Many constituents have contacted me about my view on the prorogation of Parliament, which is why I wanted to update you all with my view on this matter.

The prorogation of Parliament does, in the normal course of events, occur every year to allow a new Parliamentary session and for a new Queen’s speech that lays out a new legislative agenda. However, Parliament has not been prorogued since 2017 which means that the current session of Parliament is the longest that has been held since the ‘Long Parliament’ of 1640.

I am pleased that in the last month, Boris Johnson has set out a strong domestic agenda to recruit 20,000 new Police Officers, expand the number prison places by 10,000, invest in the National Health Service and education. The Parliamentary time taken up by the Brexit process has however prevented many items of domestic legislation from being passed. As society and technology evolve, legislation must also evolve in order to be relevant and effective. After the Brexit process is complete, the Government must now focus on this legislative agenda which a Queen’s speech will initiate.

The opposition have also been consistently demanding that prorogation take place. In particular the Shadow Leader of the House of Commons, Valerie Vaz MP, has regularly called for Parliament be prorogued so that the Government can set out its new legislative agenda.

On the other hand, I appreciate that some people are concerned that prorogation will prevent Parliament from sitting, however the vast majority of prorogation will take place during the conference recess, resulting in only around four ‘sitting days’ being removed from the Parliamentary calendar.

I am also aware that there is opposition to the prorogation of Parliament, as people interpret that it will thwart the attempts of some MP’s to stop Brexit, replace Boris Johnson and call a General Election. However, Parliamentary process will remain available to MP’s in the coming week if they wish to take those courses of action.

Despite these challenges, the Government remains committed to leaving the European Union on October 31st.
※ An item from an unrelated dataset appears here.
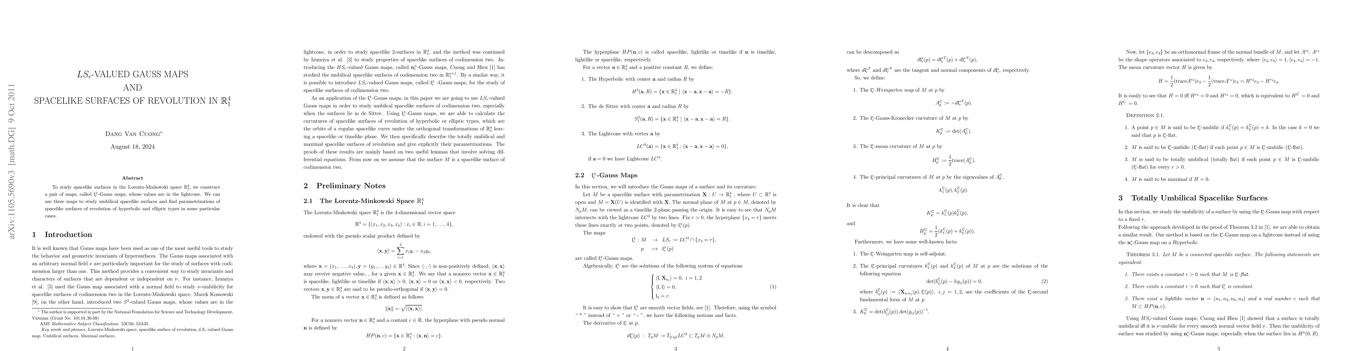This paper constructs $\mathfrak{l}_r^{\pm}$-Gauss maps for spacelike surfaces in $\mathbb{R}_1^4$ to study umbilical surfaces and parametrizes spacelike surfaces of revolution, specifically hyperbolic and elliptic types.

In addition to the scrutiny and debate that MP’s have been able to carry out on the matter of Brexit over the last 3 years, the government has also allowed more time in the Parliamentary calendar for a new deal to be placed before Parliament and debated by MP’s following the European Council meetings of 17th/18th October.

The prorogation process and the introduction of a new Queen’s Speech will allow the government to put forward its new domestic agenda to improve lives across the country and also deliver on the democratic decision of the 2016 referendum.